COLONIZAÇÃO, DESCOLONIZAÇÃO E NEOCOLONIALISMO UMA PERSPECTIVA DA JUSTIÇA E DO BEM COMUM

 

Papa Francisco

Da carta aos juízes e juízas da Conferência sobre Colonialismo, Descolonização e Neocolonialismo. (março de 2023)

 

A história sempre nos abre a mente para uma leitura do presente e uma projeção para o futuro... Ao focar no temasobre a justiça e o bem comum, se coloca especial atenção à necessidade de compreender como e quanto o processo colonial incide, há séculos e até nossos dias, na epistemologia jurídica e social.

Então, uma primeira reflexão que caberia fazer é sobre a vigência do fenômeno colonial. De fato, se “tecnicamente” no século XXI já não podemos falar de nações geograficamente “colonizadas”, ainda que elas existam, o termo “colonialismo” todavia se usa comumente hoje, sobretudo em um sentido econômico e ideológico. Portanto, esta realidade sofreu mutações em suas formas, métodos e justificativas. Dispondo das novas características que apresentam outros tantos fenômenos políticos e econômicos, também o colonialismo se virtualiza, se mimetiza e se esconde, dificultando sua detecção e neutralização.

Igualmente relevante, e frequentemente entrelaçado com o econômico-político, é o fenômeno da colonização ideológica. Estas sufocam do vínculo natural aos valores dos povos, tentando erradicar suas tradições, história e laços religiosos. A colonização ideológica tende a padronizar, a igualar tudo.

Obedece a uma mentalidade que não tolera as diferenças e se centra apenas no momento presente, nas necessidades e nos direitos individuais, frequentemente descuidando dos deveres em relação aos mais fracos e frágeis.

O fenômeno colonial contemporâneo me preocupa. Parece que vários séculos de experiências históricas sangrentas e inumanas não serviram para amadurecer uma ideia global de liberação, autodeterminação e solidariedade entre as nações e entre os seres humanos. Muito pelo contrário, as formas se sintonizaram e “sutilizaram”. Busca-se substituir a verdadeira causalidade colonial por uma leitura histórica que justifique as práticas de dominação em supostas carências “naturais” dos colonizados.

Não devemos esquecer que as expressões concretas de justiça e do bem comum vão amadurecendo nos povos e como tais devem ser respeitadas. As histórias, as origens, as tradições, as religiões, atravessam as lógicas que dão sentido à determinação do justo e do bom.

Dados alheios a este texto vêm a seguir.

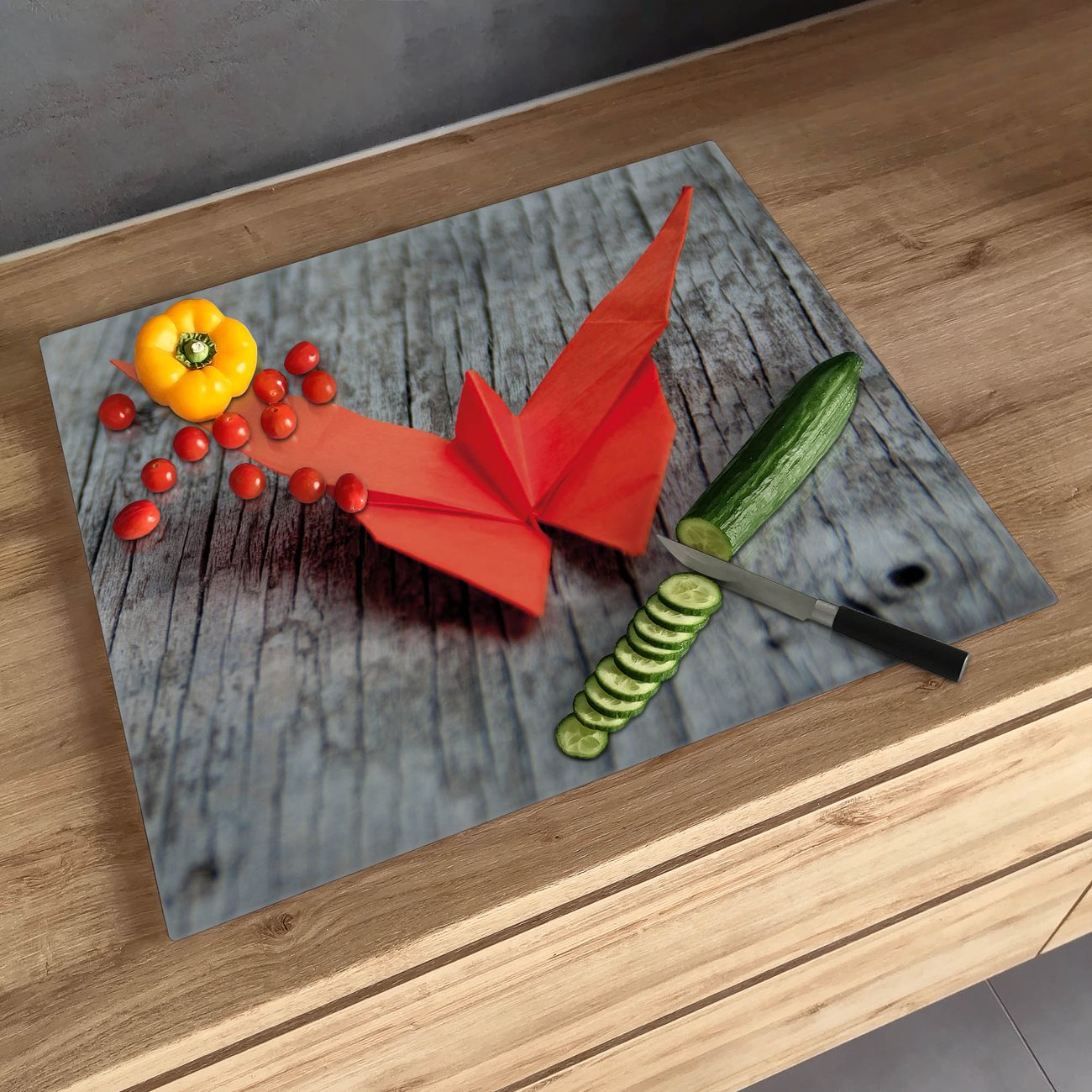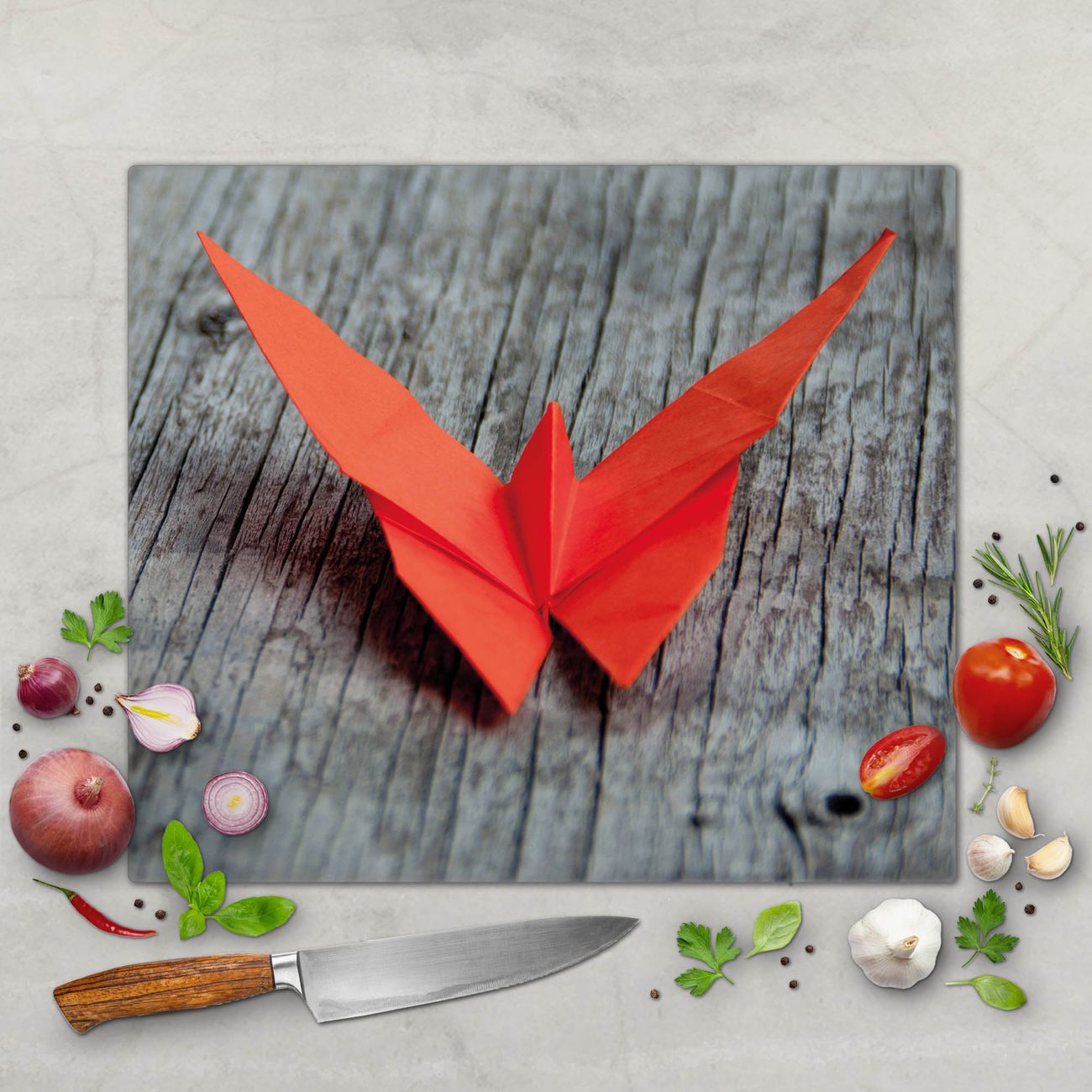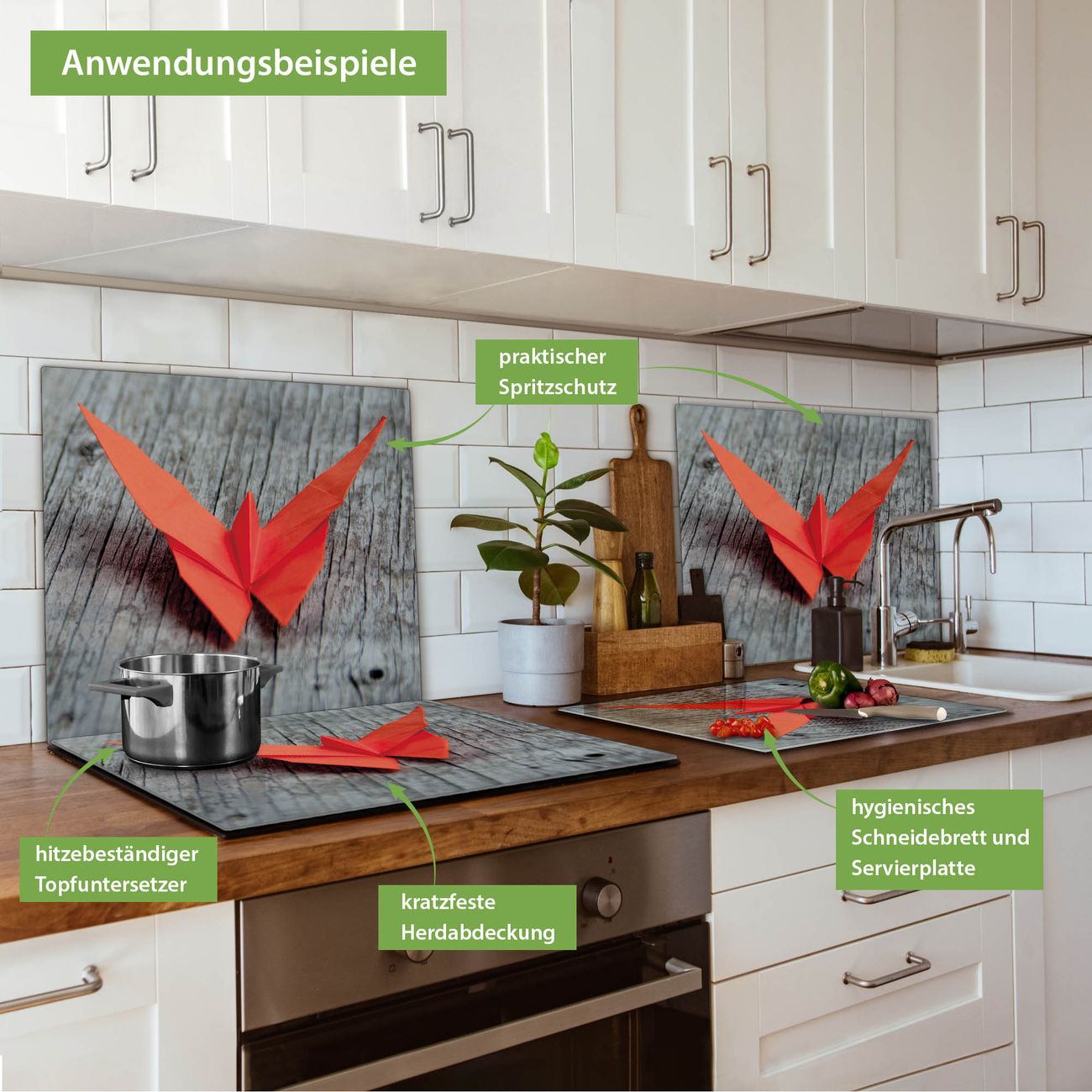 FUNKTION: Das banjado Schneidebrett mit Motiv Origami Schmetterling ist groß und rutschfest und damit ideal für Ihre Küche. Besonders praktisch. Das Schneidebrett ist vielseitig einsetzbar: ob als Spritzschutz hinter dem Herd für Ihre Küche oder als Glas Schneidebrett als hygienische und geruchsneutrale Unterlage. Sie können ebenfalls heiße Töpfe und Pfannen bis 100°C auf der Herdplattenabdeckung abstellen. Sie erhalten ein Multitalent für Ihre Küche. QUALITÄT: Die Schneideplatte Glas besteht aus hochwertigem, gehärtetem und hitzebeständigem Glas. Wählen Sie aus einem unserer zahlreichen Motive das passende Design für Ihre Küche aus. DETAILS: Das Schneidebrett Glas groß ist in verschiedenen Größen verfügbar. Sie erhalten separate Gumminoppen damit Ihr großes Schneidebrett rutschfest in der Küche steht. VIELSEITIG: Das Schneidebrett modern ist ein Allrounder - als Schneideunterlage Küche direkt auf dem Herd oder separat und als Spritzschutz an der Wand aufgestellt - ein praktisches Küchenutensil. BANJADO: Auf Wunsch fertigen wir das Glas Schneide Brett auch als Sondergröße an. Mehrteilige Platten sind auch möglich. Kontaktieren Sie uns gern für eine Spezialanfertigung Ihrer Glasplatte Küche.

Por isso, nenhuma potência – política, econômica, ideológica – está legitimada para determinar de forma unilateral a identidade de uma nação ou grupo social. A submissão e a espoliação dos povos através do uso da força ou da penetração cultural e política é um crime. Configura um crime porque não há chances para a paz em um mundo que descarta populações e oprime para saquear.

Neste contexto é necessário mencionar o rol transcendental que jogam as ciências, as academias, os foros de estudos,  quer seja para operar como fatores de liberação ou para sustentar a dominação dos povos periféricos ou a colonização ideológica.

É preciso fazermos o esforço necessário para terminar, antes tarde que nunca, com as práticas neocoloniais e suas expressões derivadas de racismo e segregação social. Para isso é necessário se aprofundar no fenômeno, compreendê-lo, detectá-lo no próprio seio de nossas instituições judiciais e não dar crédito às posturas negacionistas que atribuem ao diagnóstico neocolonial uma origem conspirativa ou fantasiosa.

Não haverá paz se, nos sistemas políticos de representação, não houver integração real dos povos excluídos. Não são concebíveis os corpos representativos onde somente o poder hegemônico ocupa espaços. É imprescindível um sistema de vagas que reintegre aos povos originários e às etnias deslocadas o espaço de decisão arrebatado.

Mais uma vez peço perdão pelos atos de alguns crentes que contribuíram de forma direta ou indireta aos processos de dominação política e territorial de vários povos da América e da África. Também o peço pelos erros ou as omissões que no presente se produziram ou estão sendo produzidas.